== RECORDS FOR THIS TASK ==

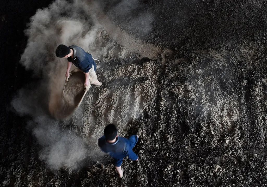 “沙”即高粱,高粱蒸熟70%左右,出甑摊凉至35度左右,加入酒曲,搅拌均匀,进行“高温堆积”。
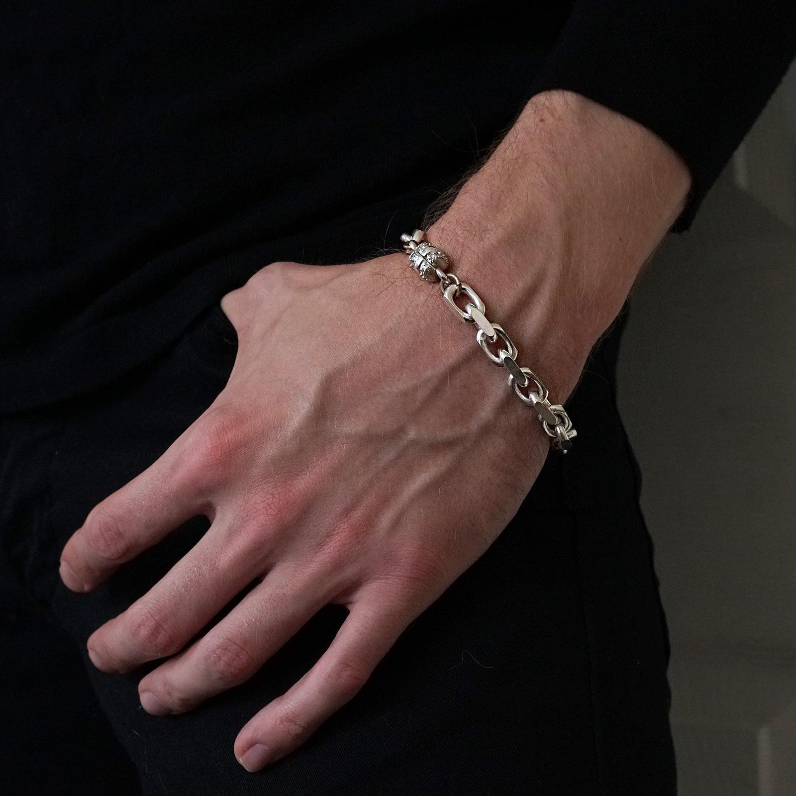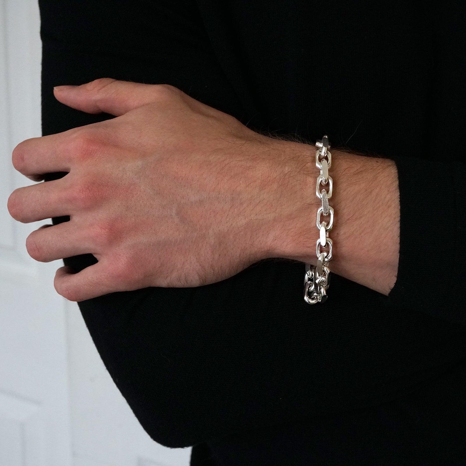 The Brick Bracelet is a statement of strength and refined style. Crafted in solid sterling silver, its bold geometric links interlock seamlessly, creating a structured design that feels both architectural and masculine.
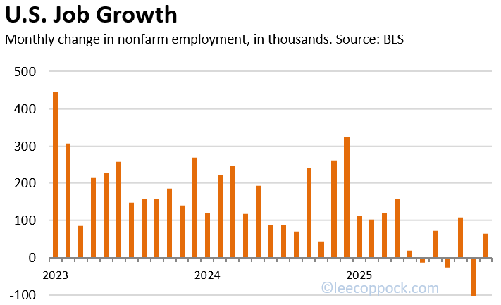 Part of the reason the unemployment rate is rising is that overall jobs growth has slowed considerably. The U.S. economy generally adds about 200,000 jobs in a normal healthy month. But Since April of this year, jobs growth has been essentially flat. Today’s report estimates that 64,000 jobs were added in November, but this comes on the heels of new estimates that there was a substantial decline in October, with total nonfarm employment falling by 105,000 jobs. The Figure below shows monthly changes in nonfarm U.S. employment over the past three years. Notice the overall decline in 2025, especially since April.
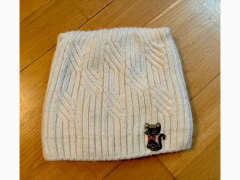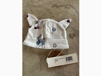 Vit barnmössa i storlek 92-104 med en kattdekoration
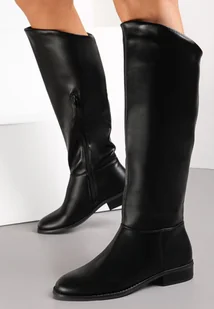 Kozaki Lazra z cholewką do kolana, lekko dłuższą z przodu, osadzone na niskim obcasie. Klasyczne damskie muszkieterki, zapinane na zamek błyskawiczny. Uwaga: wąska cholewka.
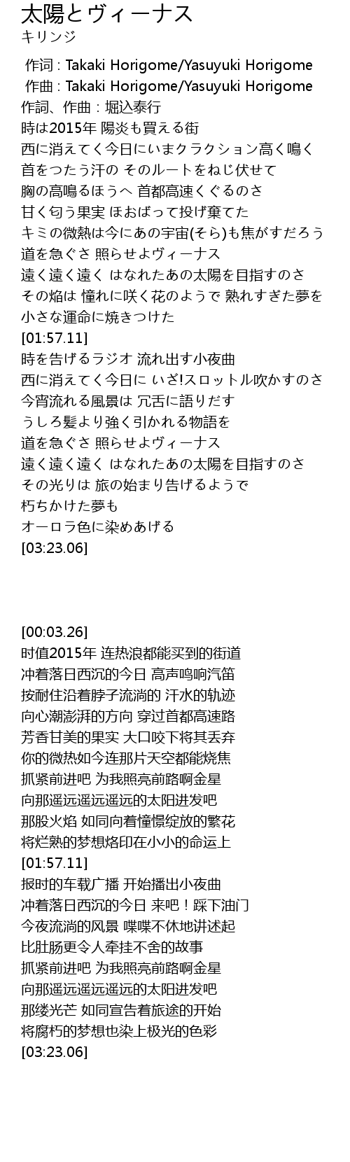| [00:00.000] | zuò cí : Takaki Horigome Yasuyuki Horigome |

===

WHAT IS BEING ASKED: In the copy, leave out all pictures, and retype exactly each line from the one with "Kozaki Lazra z" through the last line of the entries.

EXERCISE SOLUTION:
 Kozaki Lazra z cholewką do kolana, lekko dłuższą z przodu, osadzone na niskim obcasie. Klasyczne damskie muszkieterki, zapinane na zamek błyskawiczny. Uwaga: wąska cholewka.
| [00:00.000] | zuò cí : Takaki Horigome Yasuyuki Horigome |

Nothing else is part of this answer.